Not thinking in a scarcity mindset is very valuable and it’s something that probably is one of the biggest indicators of success is are they able to shift from there’s only so much of this to there’s so much of this that I need to share it with the world and the world will give it back to me. The universe is there to share amongst each other and build something bigger than ourselves.

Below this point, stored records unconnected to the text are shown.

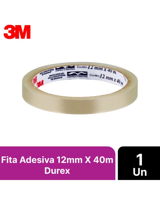 Características:A Fita Adesiva Transparente Durex™ é ideal para quem busca um produto versátil e não abre mão de um trabalho caprichado. Proporciona melhor acabamento, pois é transparente e não aparece nos pacotes.A Fita Adesiva Durex™ Transparente é ideal para quem busca um produto versátil e não abre mão de um trabalho caprichado. Proporciona melhor acabamento, pois é transparente e não aparece nos pacotes. A Fita DurexMR Transparente apresenta melhor acabamento e alta adesão. É mais prática e rápida de colar, com maior adesão instantânea. Pode ser utilizada em trabalhos escolares, colagem em plástico, emendas e reforços de pequenos itens. Ela ainda tem mais resistência à umidade e seu adesivo acrílico deixa a colagem mais rápida. A fita é resistente à umidade e possui desenrolamento leve. Pode ser facilmente cortada com as mãos, sem a necessidade de um aparelho de corte.Detalhes:- Marca: Durex™;- Fabricante: 3M™;- Modelo: Fita Adesiva Transparente Durex™;- Referência: HB004159370;- Linha: Fitas adesivas;- Cor: Transparente;- Contém: 1 unidade do produto;- Tamanho: 12mm x 40m (1,2cm x 40cm (LxC);- Maior adesão instantânea: mais prática e rápida de colar;- Desenrolamento leve;- Pode cortar facilmente com as mãos, sem a necessidade de um aparelho de corte.Aplicação Sugerida:- Proporciona melhor acabamento, pois é transparente e não aparece nos pacotes.Modo de uso:- Recomendamos que a aplicação da fita seja feita em condições próximas de 25 °C e umidade relativa de 50% em ambiente isento de contaminantes e/ou poeira;- Temperaturas muito baixas ou muito altas podem comprometer a performance da aplicação;- Para obtenção da melhor performance, recomendamos que testes prévios sejam feitos a fim de se confirmar todas as variações envolvidas no processo.Medidas:- Dimensões da fita: 12mm x 40cm (1,2cm x 40cm (LxC).Conteúdo da embalagem: 1 Fita Adesiva 12mm X 40m Transparente Durex 3m.* As especificações podem ser alteradas sem aviso prévio ** Imagem meramente ilustrativa.
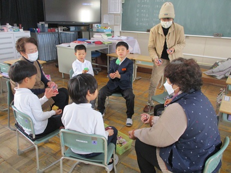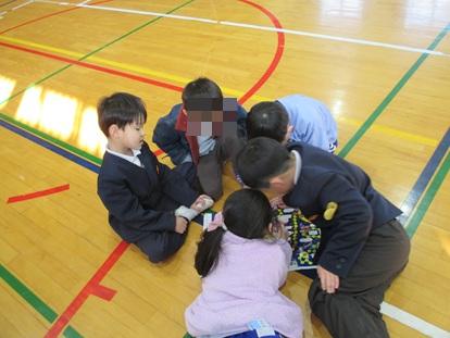 保護者が入学説明会をしている間、現1年生が新1年生になるお友達と交流をしました。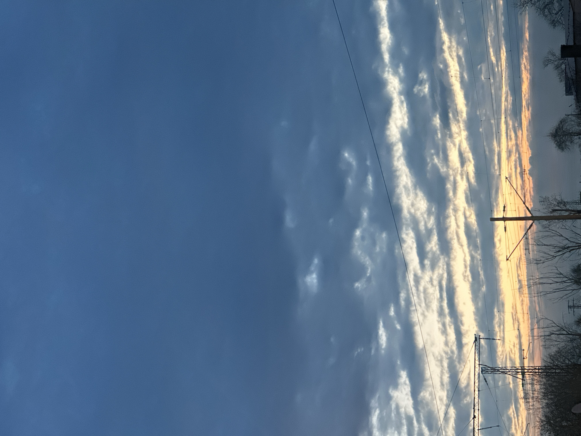 sky with cloud formations running in horizontal lines in Graf Ignatievo, Bulgaria. A set of power lines and utility poles run parallel to the cloud formations. Bare trees are visible on the right, silhouetted against a pale orange or yellow sky indicating sunrise or sunset. A portion of the sky is a clear blue on the left.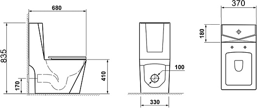 - Размер (ШxВxГ): 370 х 835 x 680 мм.

Yeah, it is interesting that you say that like the mindset and the I’m selfishly doing this podcast is because I love learning from people and people. I had chat with a friend of mine recently and I said everything I do is to make my grandmother proud. She’s long since passed, but she always said I was a shoe repair man and then I was a landscaper and then I worked in retail and everything I did, she was proud of me because I was proud of it and I wanted to be the best at it, whatever it was. And my ethos has always been whatever I’m doing right now, whatever I’m learning. What if I needed to make a living and support my family doing this thing? That’s how much I want to learn about it. And like you said, I look now, I started this as like a tech podcast. I’m going to talk to my nerd friends because I know how to speak that language and I’m excited by it. But I wanted the story underneath it. And then now to speak with amazing folks like yourself and people who are CPA. I’ve had folks who are sex and relationship therapist way outside of the vein of this text.

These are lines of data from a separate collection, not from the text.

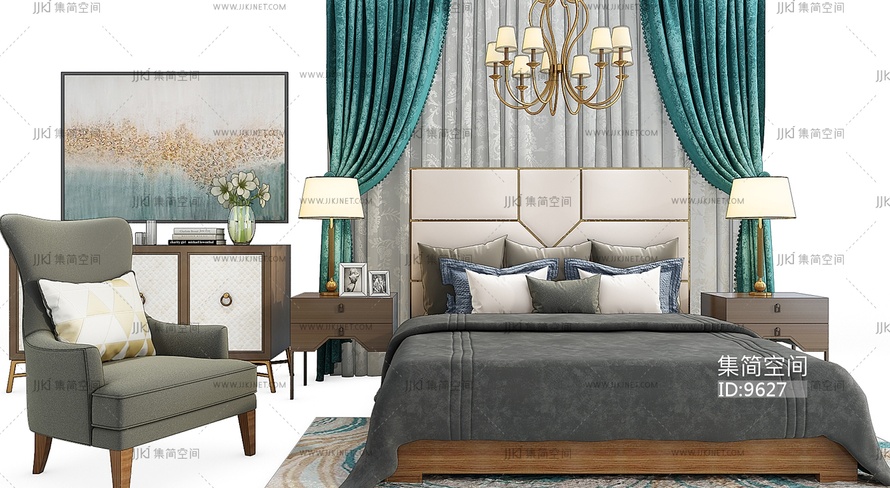 H02-1022简欧床装饰柜 3d模型下载 [模型ID:9627]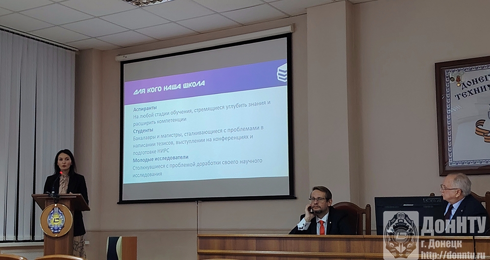 В малом зале учёного совета Донецкого национального технического университета 2 октября состоялось открытие Школы молодых учёных вуза. Она создана на базе Совета молодых учёных ДонНТУ с целью оказания помощи аспирантам, студентам и начинающим исследователям в выборе и проведении самостоятельной исследовательской работы, получении навыков разработки научной проблемы, подготовке к выступлениям на научно-практических конференциях и участию в конкурсах, написании научно-исследовательских работ и многом другом, способствуя их профессиональному росту.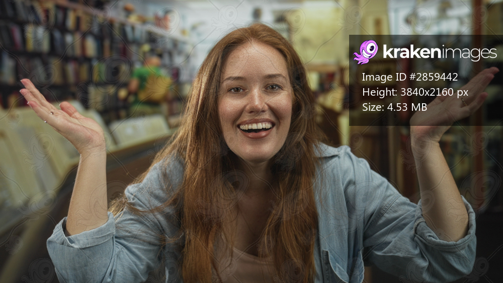 Young caucasian woman with bright smile makes hand binoculars gesture in library; playful curiosity.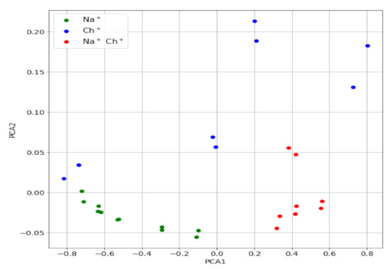 PC2 vs. PC1 map for the Ch+, Na+ mixtures (red) and for Ch+ (blue) and Na+ (green).
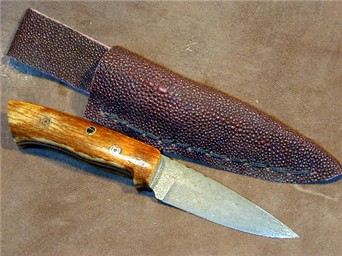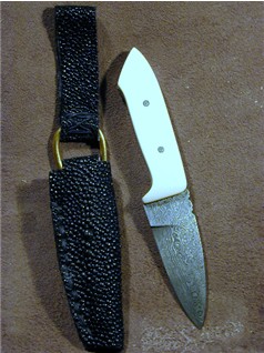 Picture 2 Handle: Mammoth Bone, Mosaic pins Blade: Damascus Size: 6 1/2" overall, 3" blade Stingray Skin Sheath Price: SOLD Item 3-2 |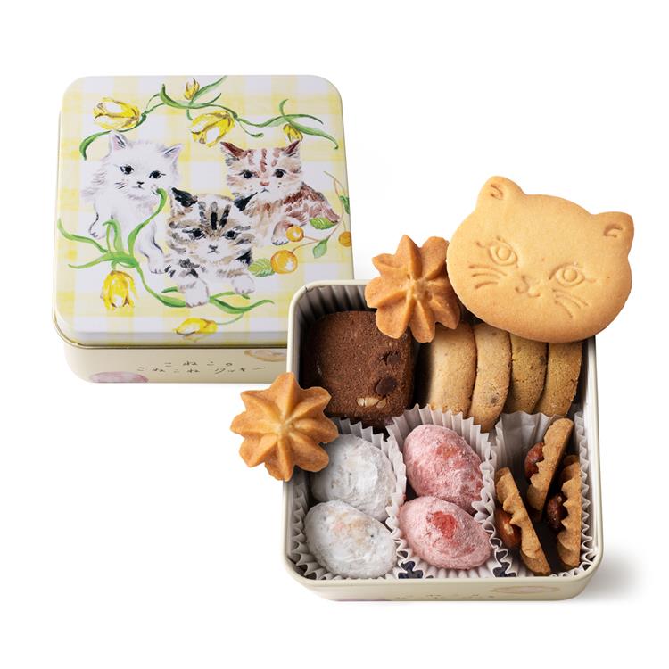 こねこがこねこね一生懸命作ったようなかわいらしいクッキー缶です。
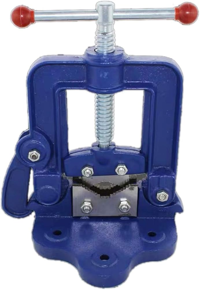 [Size]: Capacity: 10-60mm, suitable for 1/8"-1 1/2" pipe. Pliers body width: 6.29inches(160mm); pliers height: 7.87inches(200mm). [Quality Materials]: The yoke vise is made of forged steel and is coated with fire engine red paint, which is stronger, tougher, corrosion-resistant, durable and can provide long-term service life. [Precise Design]: The pipe vise is designed with 3 mounting holes on it that can be easily installed on a workbench or stand. The locking hinge design makes it easy to insert and remove pipes. [Wide Range of Applications]: Pipe vises are used in plumbing to hold pipes or tubing secure while they're cut or threaded. The pipe vise can handle any size pipe from 1/8" up to 1-1/2". The wide threads on the lock-down screw provide the powerful grip to hold the pipe in place whether you're cutting or threading. [Easy to use]: The pipe vise is made of self-locking hinge construction, whic makes it easy to insert and remove long pipes without the need to pass through.

But in the end, to hear people react to those stories and say that I would have never known that I needed to listen to this person, but they’re fantastic now that I’ve heard it. Like I said, that’s Freedom Street as a mindset in showing people the opportunity ahead and mapping the path with them. It’s important. Partner. We mention that word before and you talked about the strength of that word. Partnership has been early on for you, obviously in your advisory team. Partnership is incredibly important because it is a journey you map together, not you don’t create a journey and then you hand it, here’s your playbook, do these things and you’ll get there.
Let’s talk about what does partnership mean to you?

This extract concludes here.